**** Data under study ****

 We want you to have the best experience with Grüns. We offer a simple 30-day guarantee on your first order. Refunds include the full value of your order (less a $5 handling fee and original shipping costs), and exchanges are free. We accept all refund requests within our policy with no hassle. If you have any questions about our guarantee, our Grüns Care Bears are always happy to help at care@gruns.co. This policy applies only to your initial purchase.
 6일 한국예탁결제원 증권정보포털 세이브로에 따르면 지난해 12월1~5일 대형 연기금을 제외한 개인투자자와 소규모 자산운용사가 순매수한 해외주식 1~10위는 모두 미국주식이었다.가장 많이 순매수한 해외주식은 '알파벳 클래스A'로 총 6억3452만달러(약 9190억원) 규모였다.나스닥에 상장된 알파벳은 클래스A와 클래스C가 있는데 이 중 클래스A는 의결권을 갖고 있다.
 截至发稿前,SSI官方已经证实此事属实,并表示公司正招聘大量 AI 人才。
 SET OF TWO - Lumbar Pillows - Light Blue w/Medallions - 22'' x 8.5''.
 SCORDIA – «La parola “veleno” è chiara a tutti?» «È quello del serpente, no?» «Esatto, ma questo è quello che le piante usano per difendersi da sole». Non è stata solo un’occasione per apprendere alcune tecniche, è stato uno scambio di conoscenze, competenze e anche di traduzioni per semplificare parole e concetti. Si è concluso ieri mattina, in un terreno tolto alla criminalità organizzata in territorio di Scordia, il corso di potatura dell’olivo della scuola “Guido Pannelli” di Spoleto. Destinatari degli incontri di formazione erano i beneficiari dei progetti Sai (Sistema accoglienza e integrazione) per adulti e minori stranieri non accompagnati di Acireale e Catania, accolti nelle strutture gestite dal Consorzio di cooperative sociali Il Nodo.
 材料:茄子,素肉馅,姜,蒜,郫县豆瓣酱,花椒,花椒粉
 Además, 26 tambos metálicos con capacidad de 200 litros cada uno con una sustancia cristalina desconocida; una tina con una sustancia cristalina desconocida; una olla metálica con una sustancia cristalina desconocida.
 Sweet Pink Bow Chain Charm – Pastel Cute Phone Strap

****
**** Data under study ****

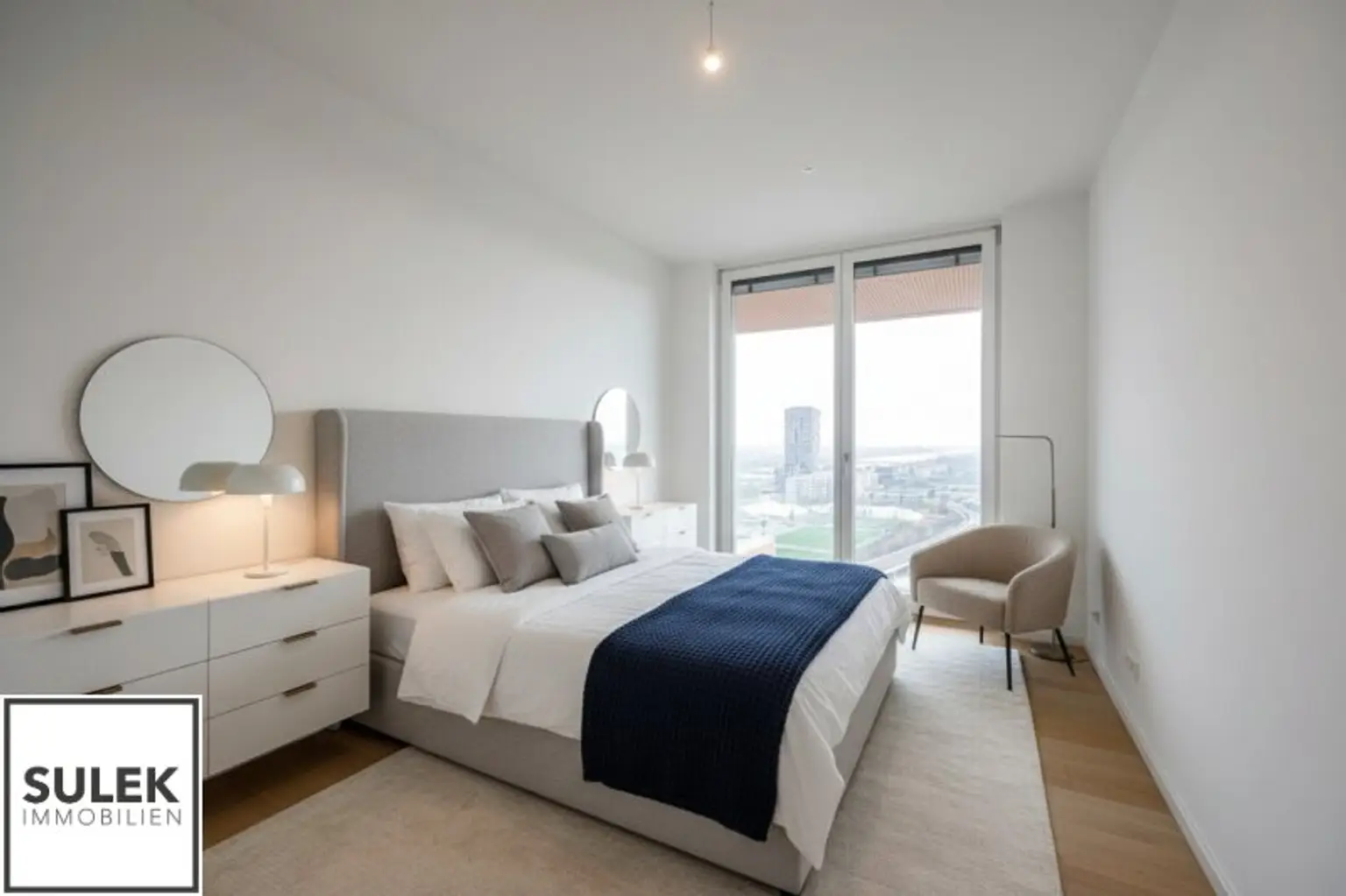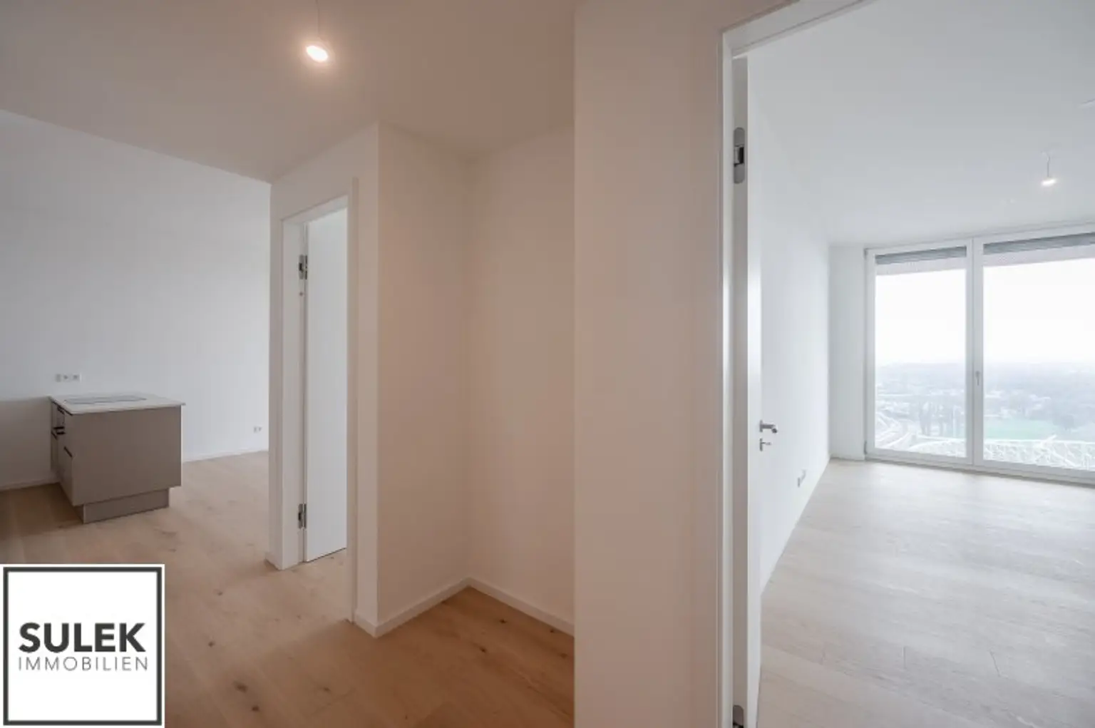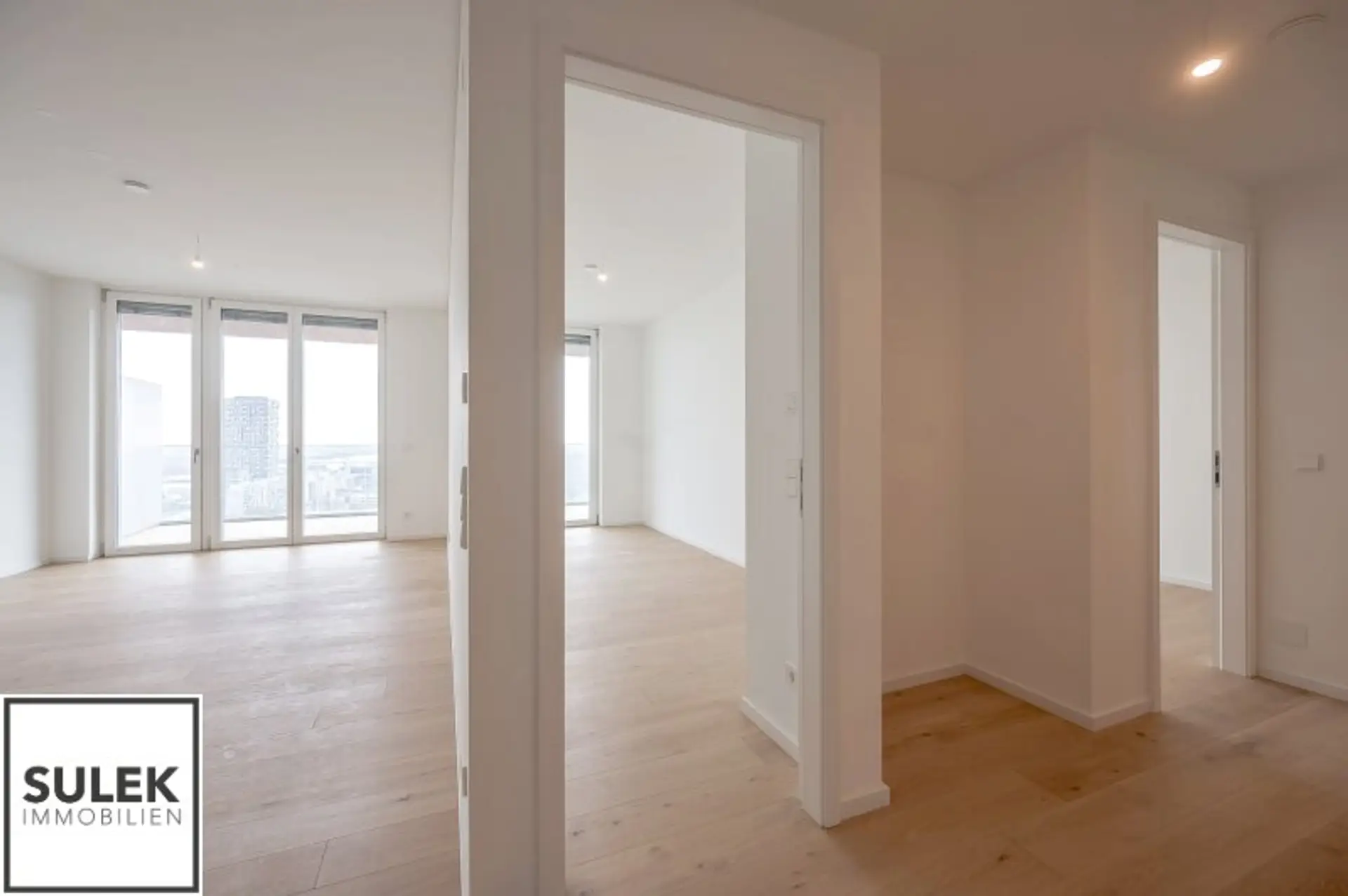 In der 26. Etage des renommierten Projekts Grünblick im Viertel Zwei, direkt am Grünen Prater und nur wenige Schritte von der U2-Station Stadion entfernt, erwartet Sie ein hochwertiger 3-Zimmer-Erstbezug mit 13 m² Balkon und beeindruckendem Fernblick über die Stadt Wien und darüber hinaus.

****
**** Data under study ****

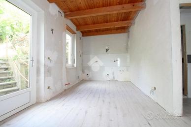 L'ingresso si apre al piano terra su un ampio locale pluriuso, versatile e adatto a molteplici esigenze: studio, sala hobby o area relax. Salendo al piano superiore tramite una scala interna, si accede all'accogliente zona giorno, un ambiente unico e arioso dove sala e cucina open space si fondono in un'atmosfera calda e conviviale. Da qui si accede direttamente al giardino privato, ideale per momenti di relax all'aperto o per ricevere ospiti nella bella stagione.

****

# [Your goal]
Transcribe each line of the data above, unaltered, from the one where "We want you" appears to the one where "SET OF TWO - Lumbar" appears, inclusive of both.

# [Task solution]
 We want you to have the best experience with Grüns. We offer a simple 30-day guarantee on your first order. Refunds include the full value of your order (less a $5 handling fee and original shipping costs), and exchanges are free. We accept all refund requests within our policy with no hassle. If you have any questions about our guarantee, our Grüns Care Bears are always happy to help at care@gruns.co. This policy applies only to your initial purchase.
 6일 한국예탁결제원 증권정보포털 세이브로에 따르면 지난해 12월1~5일 대형 연기금을 제외한 개인투자자와 소규모 자산운용사가 순매수한 해외주식 1~10위는 모두 미국주식이었다.가장 많이 순매수한 해외주식은 '알파벳 클래스A'로 총 6억3452만달러(약 9190억원) 규모였다.나스닥에 상장된 알파벳은 클래스A와 클래스C가 있는데 이 중 클래스A는 의결권을 갖고 있다.
 截至发稿前,SSI官方已经证实此事属实,并表示公司正招聘大量 AI 人才。
 SET OF TWO - Lumbar Pillows - Light Blue w/Medallions - 22'' x 8.5''.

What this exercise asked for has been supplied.